Show that no values of $k$ can make curve intersect the line

Question

The actual question is:

Show that there are no values of $k$ for which the line $y=3-2x$ can intersect the curve $y=2x^2+kx+3$. My approach was:

$$2x^2+kx+3=3-2x\\ \implies2x^2+(k+2)x=0$$

Now no values of k can make $y=3-2x$ intersect $y=2x^2+kx+3$ means

$$(k+2)^2-4\cdot2\cdot0<0$$

or, $(k+2)(k+2)<0$

So there are no values for $k$.

But

If i plot the graph of $y=2x^2-2x+3=0$ and $y=3-2x$, where $k=-2$ then i see them intersect at $(0,3)$ as i also get $(0,3)$ by solving simultaneously.

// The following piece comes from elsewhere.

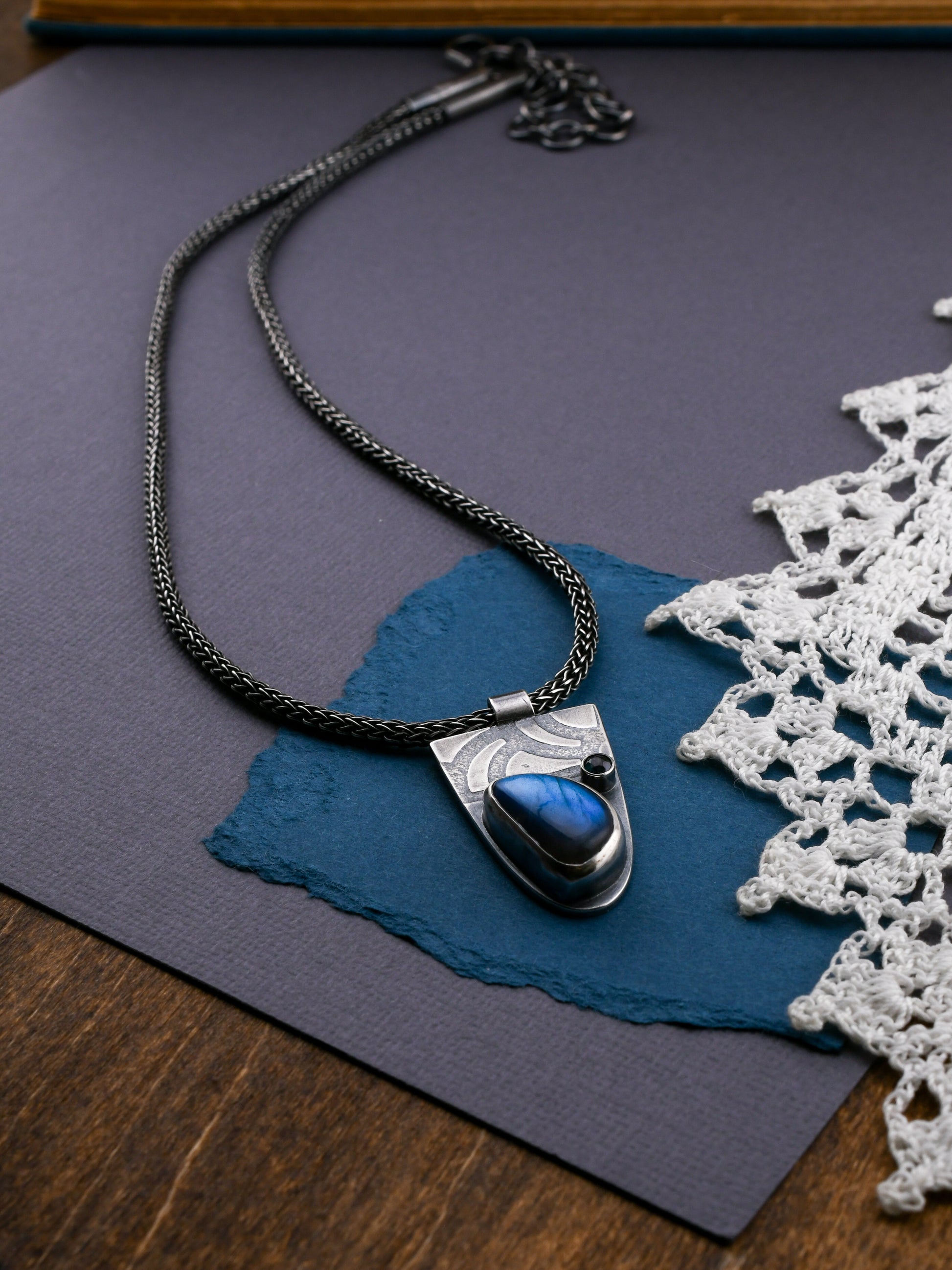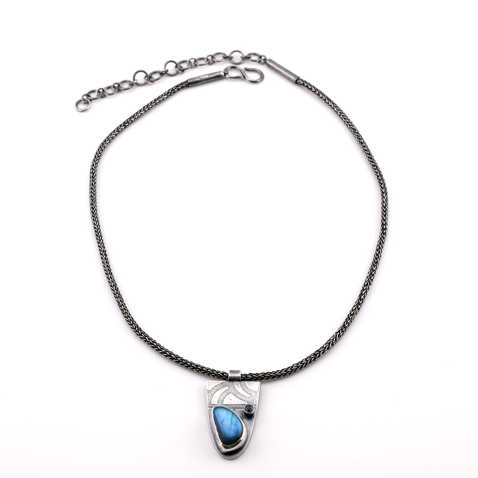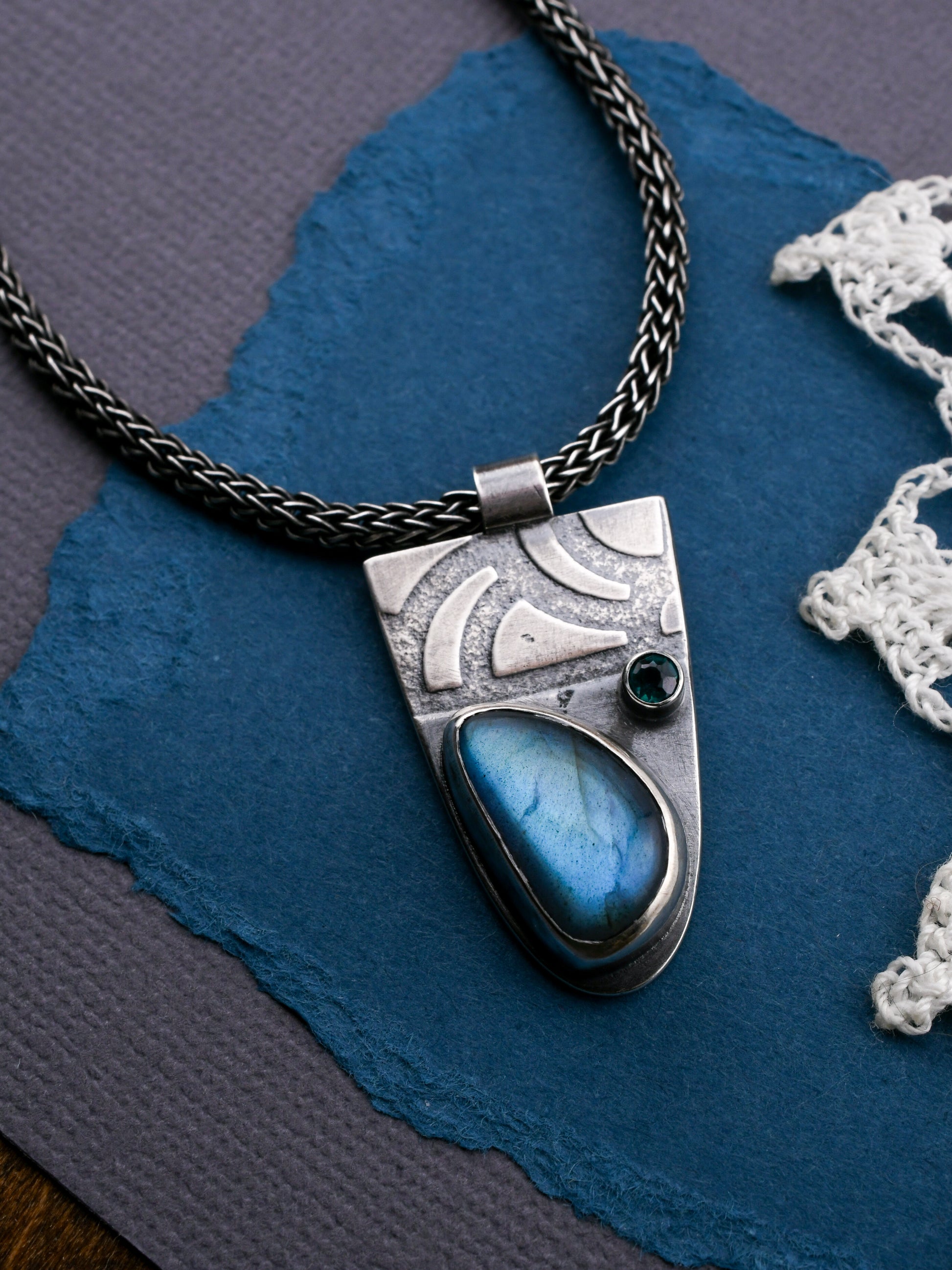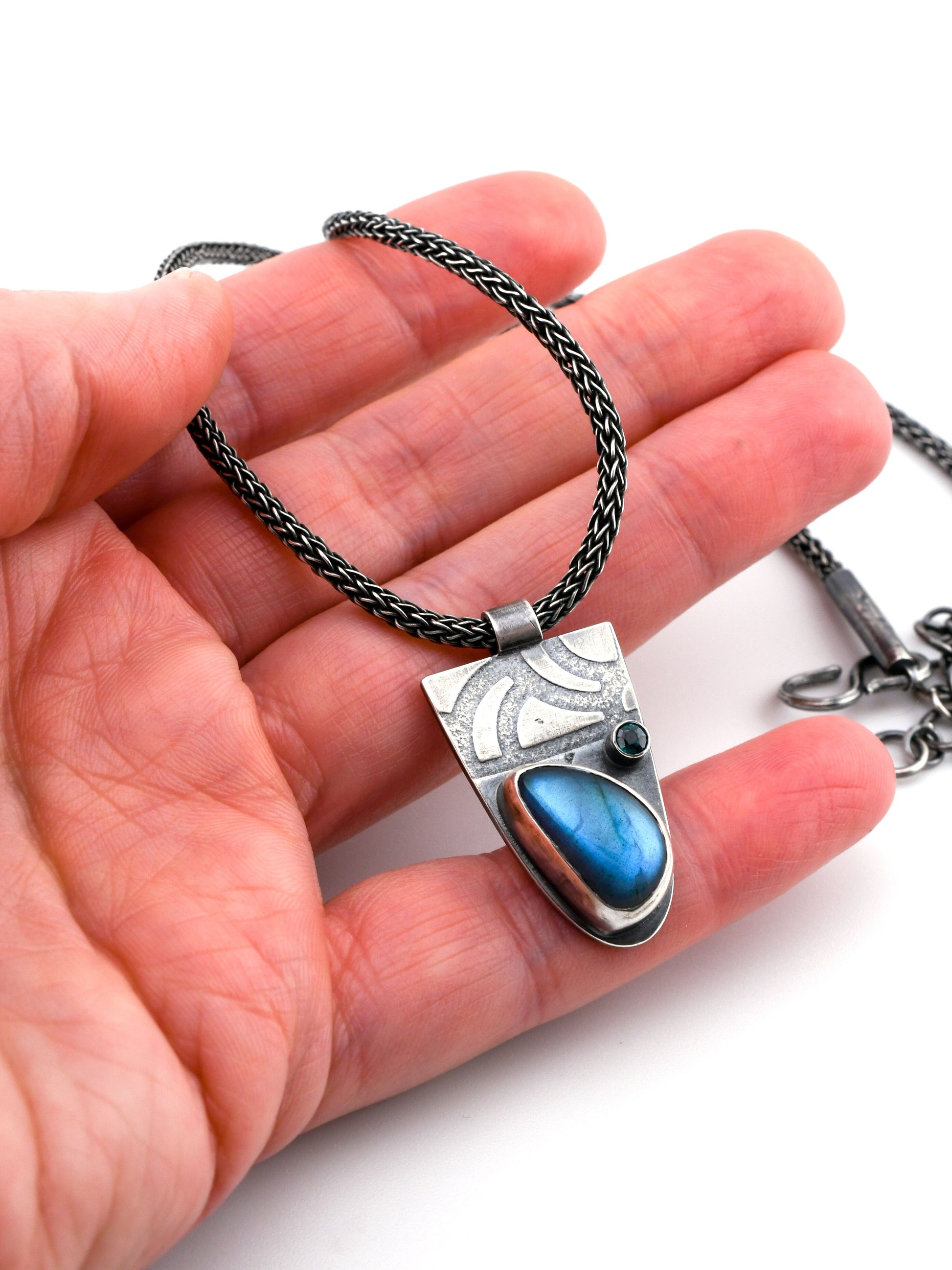 Flashing blue Labradorite captures the eye first. A pendant made of a tongue of hand-poured silver is imprinted with curving designs and granular texture. A high dome free-form Labradorite with vivid blue flash sits below the design and is accented with a small faceted teal blue topaz. A hand-knitted silver chain holds this pendant close, adding more pattern and texture to the piece. The entire necklace is oxidized and given a brushed finish to bring out the design and details.

I cannot get what was the problem in the method of solving?

Answer 1

The discriminant of $$2x^2+(k+2)x$$ is equal to $$(k+2)^2$$ which is always positive. This is why the equation $$2x^2+(k+2)x = 0$$ always has at least one solution (i.e., $x=0$), and if $k\neq -2$, then it has two distinct solutions (the other one being $-\frac{2}{k+2}$)

Answer 2

With $x=0$
$2x^2+kx+3=3$
$3-2x=3$

So $(0,3)$ is an intersection.

So any $k$ yields at least one intersection, and so your method of solving is not wrong.

Answer 3

The equation $2x^2+(k+2)x=0$ has a solution $x=0$ for every $k$. Therefore, it is not amazing the the curves do intersect when $x=0$.